Loss is aways heartbreaking. And when a loss is sudden, coping in the aftermath can feel impossibly hard. It can be difficult to move forward. But there are ways to heal, and it is vital that you seek help and support.
From all of us @ The Coalface, we extend our heartfelt sympathy to everyone who has been impacted by the Greta bus tragedy and we hope the following information can be of help.
RECONISING TRAUMA
What physical trauma may feel like:
- Being easily scared
- Having trouble sleeping
- Having trouble concentrating or remembering things
- Having tense muscles
- Avoiding places where the event happened
- Not wanting to be around family and friends
- Loss of interest in enjoyable activities
What emotional trauma may feel like:
- Feeling numb or no longer connected to people in your life
- Feeling stressed or anxious
- Fear
- Guilt or shame
- Sadness
- Anger
- Having memories or nightmares of the event
- Panic
HOW TO TAKE CARE OF YOURSELF
- Spend time with friends and family, don’t isolate yourself
- Take breaks and get lots of sleep
- Try to get back to a routine but don’t push yourself
- Limit how much media coverage and social media you see and hear about the event
- Ask for support when you need it
- Know that you won’t have all the answers
- Know that others are going through trauma too, you are not alone
- Express your feelings in your own time and way
- Try not to take big risks or make life-changing decisions until you are ready
- Write down your worries and concerns
- Accept help if people are offering it
- Eat well and limit alcohol
WHEN TO SEE A MENTAL HEALTH PROFESSIONAL
- Extreme feelings of distress
- Emotional reactions that last longer than a few weeks
- Distress that stops you doing your day-to-day activities
- Not wanting to be around your loved ones
- Avoiding enjoyable activities
- Feelings of extreme fear for no reason
- Panic symptoms (e.g. racing heart, light-headedness, breathing difficulties)

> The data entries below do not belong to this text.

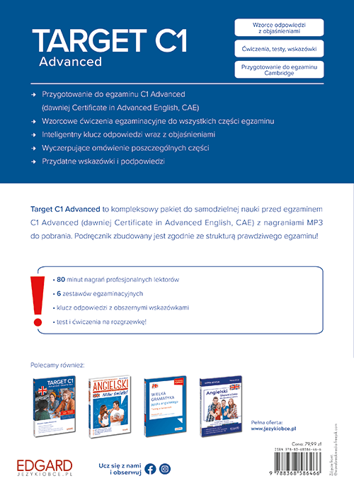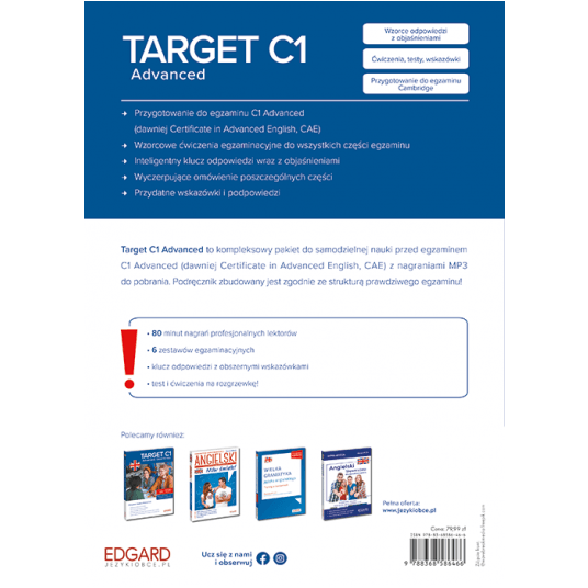 Planujesz zdobyć certyfikat C1 Advanced i potrzebujesz solidnego, zaawansowanego kursu angielskiego? A może już się przygotowujesz, ale wciąż brakuje ci pewności, czy poradzisz sobie ze wszystkimi częściami egzaminu? Z Angielski. Target C1. Advanced zyskasz klarowny plan działania i poczucie pełnej kontroli nad każdym etapem przygotowań – od pierwszego zadania aż po dzień egzaminu!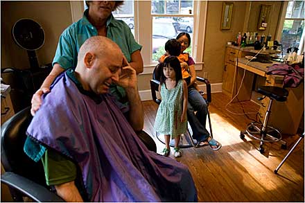 When chemo made his hair start to fall out, Kaplan told his kids he was getting a “super-crazy summer haircut” and brought them along. The family fun was interrupted momentarily when Kaplan was overcome with emotion. (Image by John Kaplan.)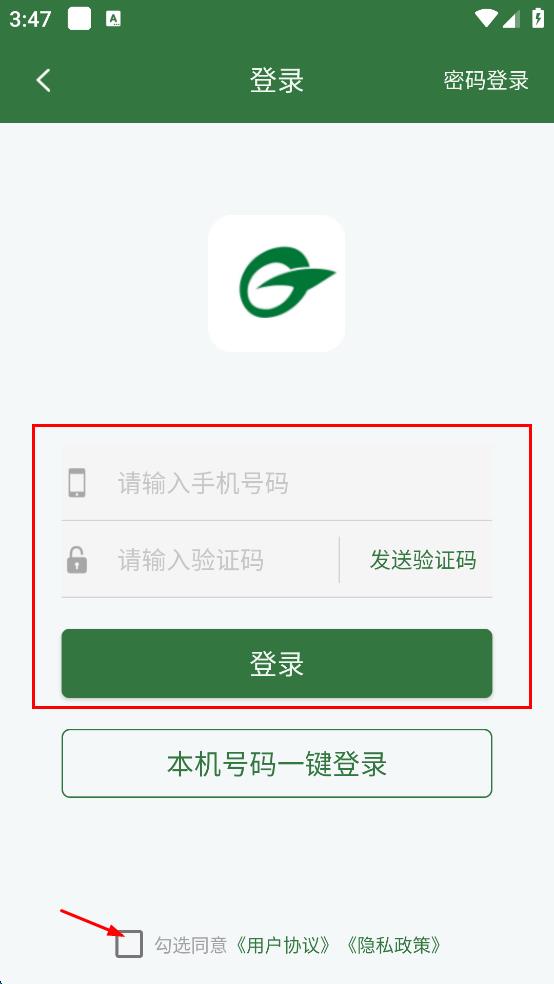 4、在登錄界面輸入手機(jī)號(hào)碼,點(diǎn)擊發(fā)送驗(yàn)證碼,輸入驗(yàn)證碼,勾選同意相關(guān)協(xié)議后點(diǎn)擊登錄,完成登錄操作。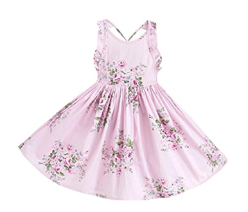 ( Angel Kids ) 花柄 エプロン ドレス 夏 ワンピース ふんわり 広がる スカート ベビー キッズ … (120cm, ピンク.)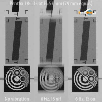 Ну и, наконец, стабилизатор Pentax показал лучший результат. Причем лучше не только других камер, но и лучше себя же при вдвое меньшем фокусном расстоянии. То есть, стабилизатор на сдвиге матрицы лучше скомпенсировал более сильное смазывание изображения. Хотя различия во всех случаях минимальны.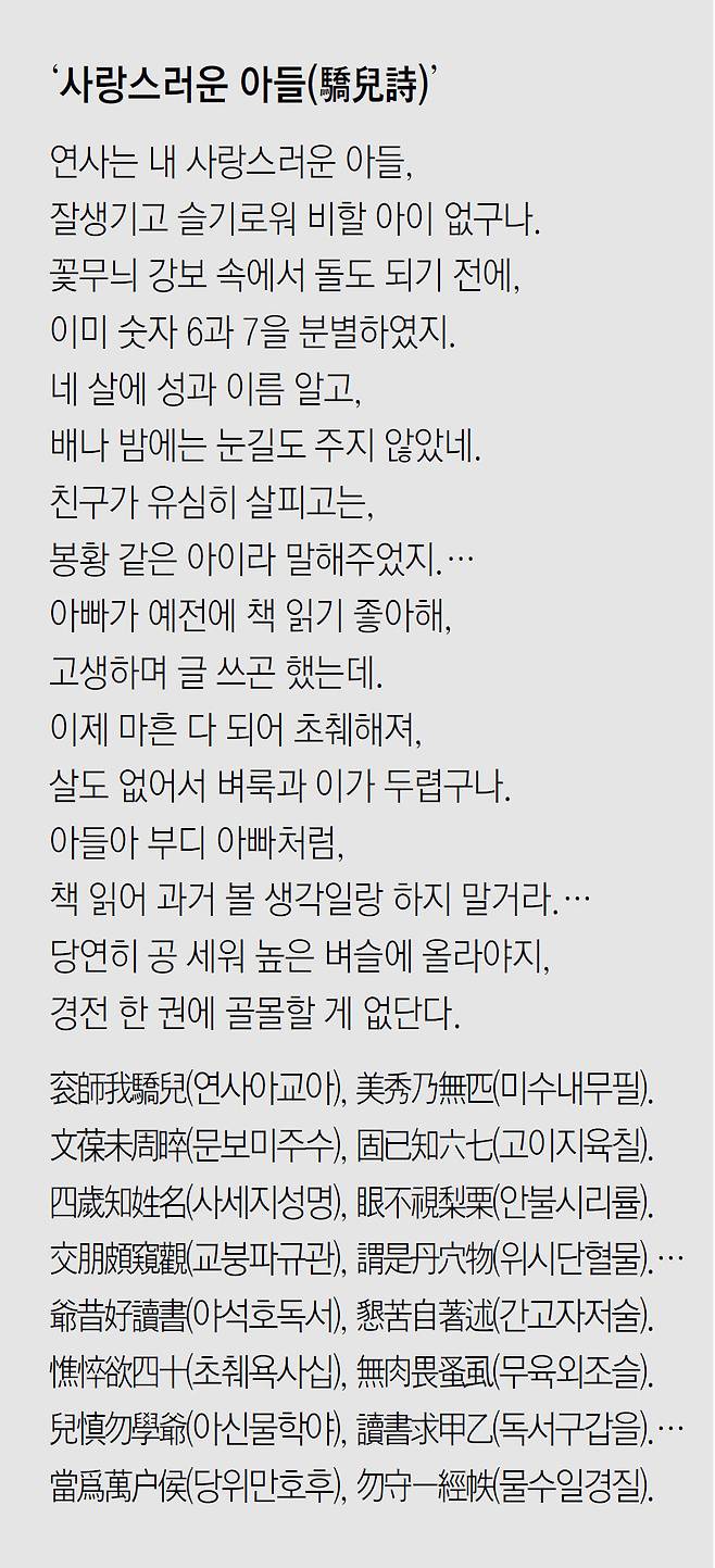 겨우 다섯 살짜리 아들을 두고 먼 옛 시인들의 자식과 비교하여 자랑한 셈이다.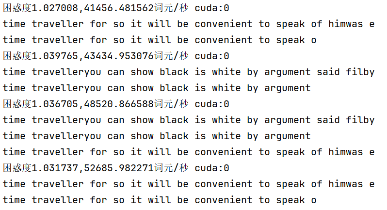 print(f'困惑度{ppl:1f},{speed:1f}词元/秒 {str(device)}')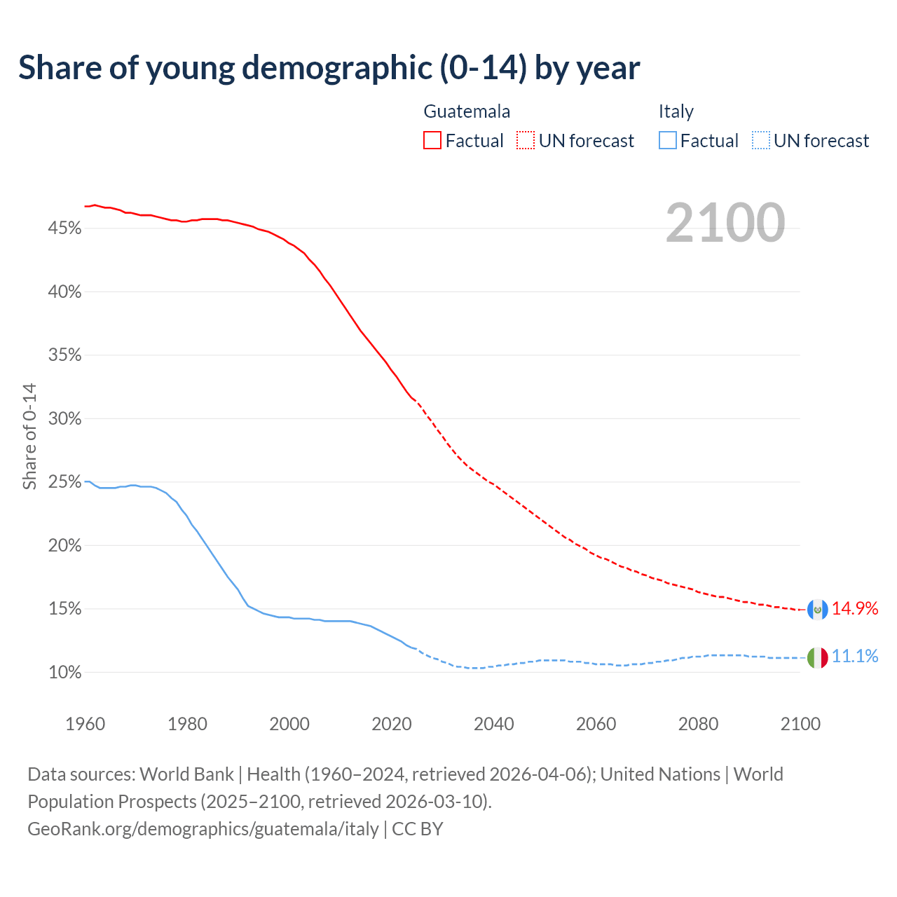 - The share of young demographic (0-15 years old) in Guatemala is 31.6% vs 11.9% in Italy.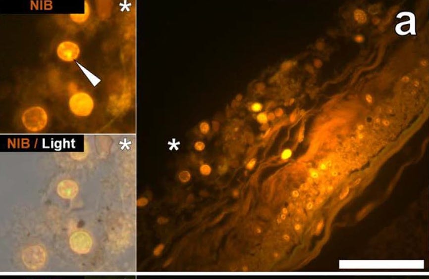 The large image on the left shows a significant deposit of aluminium (yellow/orange fluorescence) in brain tissue and in close proximity to the inflamed tissue, see asterisk, are microglial cells loaded with aluminium. These are shown magnified to the right of the image.

- Avoiding things that bring back memories, so much that you can’t do normal activities
- Feelings of extreme guilt or sadness
- Using alcohol or other substances to cope
- A loss of interest in the future
- Thoughts of self-harm or suicide
HOW CAN YOU HELP
It can be difficult to know how to help someone you love and care for when they have gone through a traumatic event. It’s natural to want to make someone you love and care for feel better again, but it’s important to accept what has happened. There is nothing you can say or do to make the person’s pain disappear. That will happen with time, rest, and appropriate support. Explain to them that you are sorry about what they have had to experience and that you are there to help them in any way they need. Ask them what you can do to support them.
Make time to be with the person and make it obvious that you are available. Sometimes, there can be a tendency to want to move someone on before they are ready, because the traumatic experience makes us feel uncomfortable. Try to avoid doing this. People who have had a traumatic experience can feel very reassured by human contact.

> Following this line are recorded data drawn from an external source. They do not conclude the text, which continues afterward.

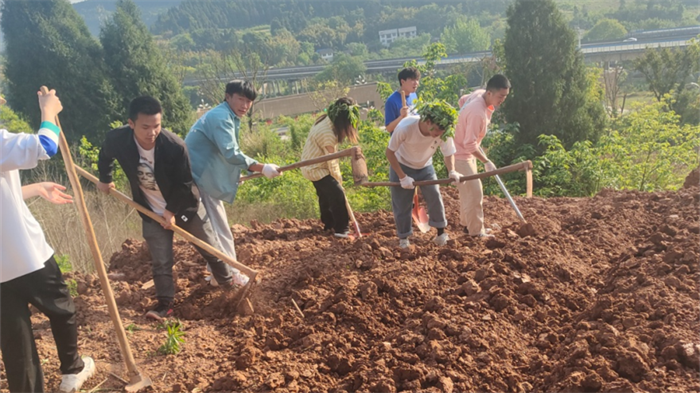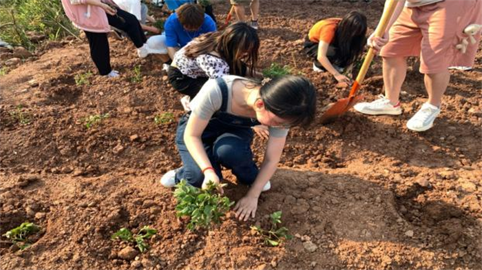 刨开硬土、耙去石头、翻土除草、挖坑选苗、播种浇水……同学们听从指导有条不紊地进行分工合作,短短时间,实践基地已然焕发出新的生机。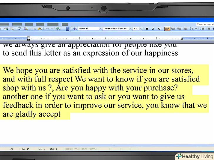 Додайте кілька супутні питань щодо контролю виконання сервісу.у подячному листі доречно задати кілька супутніх питань, щоб упевнитися, що всі потреби клієнта були задоволені, і що він залишився задоволений якістю обслуговування. Подібні уточнення підвищують шанси на те, що покупець до вас повернеться, а значить збільшитися і прибуток. Супровідні питання не обов'язково включати в лист подяки, проте з увагу ставитися до купівельних потреб – основна частина роботи в сфері обслуговування.{{#txtscrl:Do customer follow-up|Dear Ms. Cross,Thank you so much for coming to the grand opening of the Whimsical Stationery Store’s Raleigh location on May 15, 2013.|Because of you and all the other customers like you who share a passion for creative paper products, it was our largest grand opening in store history!}}- Висловіть надію, що покупець задоволений своєю покупкою, і додайте, що готові відповісти на всі його питання і пропозиції.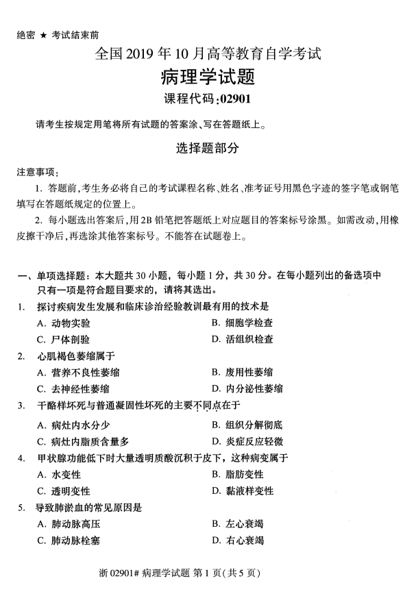 所在位置:广东省自考网 > 试题题库 > 自考试卷 > 全国2019年10月自考02901病理学试题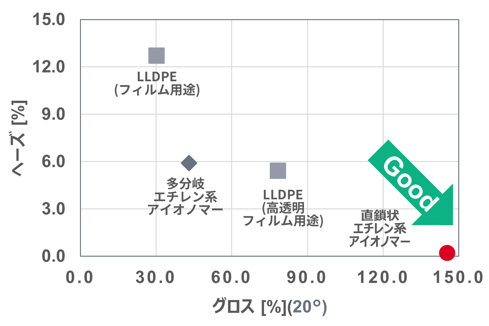 図2 各アイオノマーおよび直鎖状低密度ポリエチレン(LLDPE)におけるグロス(光沢度) vs. ヘーズ(曇り度)の比較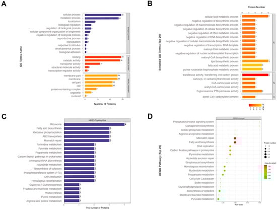 According to GO functional analysis (Figure 4B), the differential proteins in pH 9.0 E. faecalis MVs exhibit negative regulation of cellular lipid metabolic process and polymer biosynthesis process (macromolecule biosynthetic process), negative control of RNA biosynthesis, negative regulation of transcription, DNA template activity (DNA-templated), malonyl CoA biosynthetic process, and other important biological processes. They also possess molecular functions such as transferase activity for transferring one-carbon groups, acetyl-CoA carboxylase activity, CoA carboxylase activity, carboxyl or carbamoyl transferase activity, and D-glucosamine phosphatase transfer system (PTS) permease activity. Furthermore, the differential proteins in pH 9.0 E. faecalis MVs also have a localization function like that of the acetyl-CoA carboxylase complex.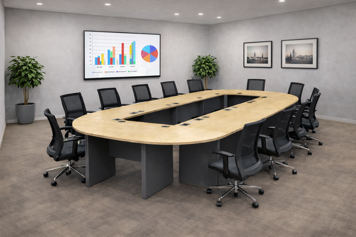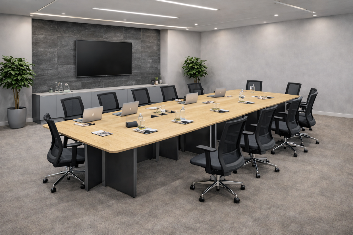 Set ruang rapat dan executive dengan tampilan premium. Bisa custom ukuran, material, dan finishing.

Don’t take their feelings to heart. They may be irritable, depressed, angry or frightened. Strong feelings and emotional outbursts are common – try not to take it personally. It is important to recognise that they have had a stressful experience and that their reactions are normal and will subside in time. You can help by reassuring the person that their reactions are normal.
Offer practical support:
- You could do the housework or the grocery shopping for them, or pick up their children from school.
- Encourage the person to take good care of themselves, for example, by eating well, avoiding alcohol, drugs or stimulants, and by attempting to maintain regular sleeping habits.
- You may need to let the person have time by themselves.
- Let them know you are there for them without judging.
- Suggesting to a person that they maintain regular daily routines and habits can be helpful as well.
Talk about the trauma:
- Allow the person to talk about what happened, even if they become upset. Just be calm and listen carefully.
- Don’t insist on talking if the person doesn’t want to. Tell them you are there to listen whenever they feel ready.
- Reassure them you care and want to understand as much as possible about what happened to them. They may shut you out. Be patient and see what else you can do to help.
- Try to make sure there is someone else they can talk to if they don’t want to talk to you about it.
- If there are some difficult decisions to be made, talk about the situation with the person and help them to identify the different options. However, don’t make the decision for them.
What not to do or say:
- Don’t avoid talking about the event.
- Don’t think you know how the person should think, feel or behave. Everyone’s response is different.
- Don’t use general phrases such as ‘look on the bright side’ or ‘look for the silver lining’, but help them think about what they do have.
- Don’t judge their thoughts or feelings – being accepted helps put things in context.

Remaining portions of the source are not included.